**ASSIGNMENT**
Please give every line below again exactly, but not its pictures.

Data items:
+++

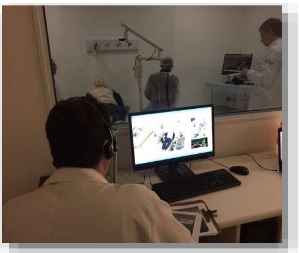
Figure 3. Audiovisual resource control room

The third instructor followed the pairs in the presentation of each proposed case.
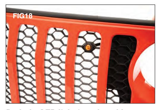
Push the LED light into the rubber grommet to seat the light into the mounting bracket. (FIG 18)

Repeat on the other two grille slots and secure the harness appropriately with the provided cable ties.
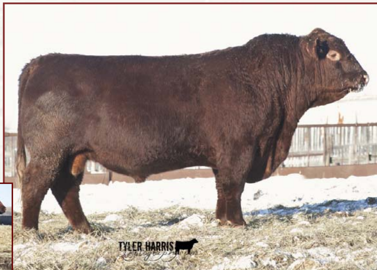
RED TR ROLLING ALONG 79B SIRE

+++

**TASK OUTPUT**
Figure 3. Audiovisual resource control room

The third instructor followed the pairs in the presentation of each proposed case.
Push the LED light into the rubber grommet to seat the light into the mounting bracket. (FIG 18)

Repeat on the other two grille slots and secure the harness appropriately with the provided cable ties.
RED TR ROLLING ALONG 79B SIRE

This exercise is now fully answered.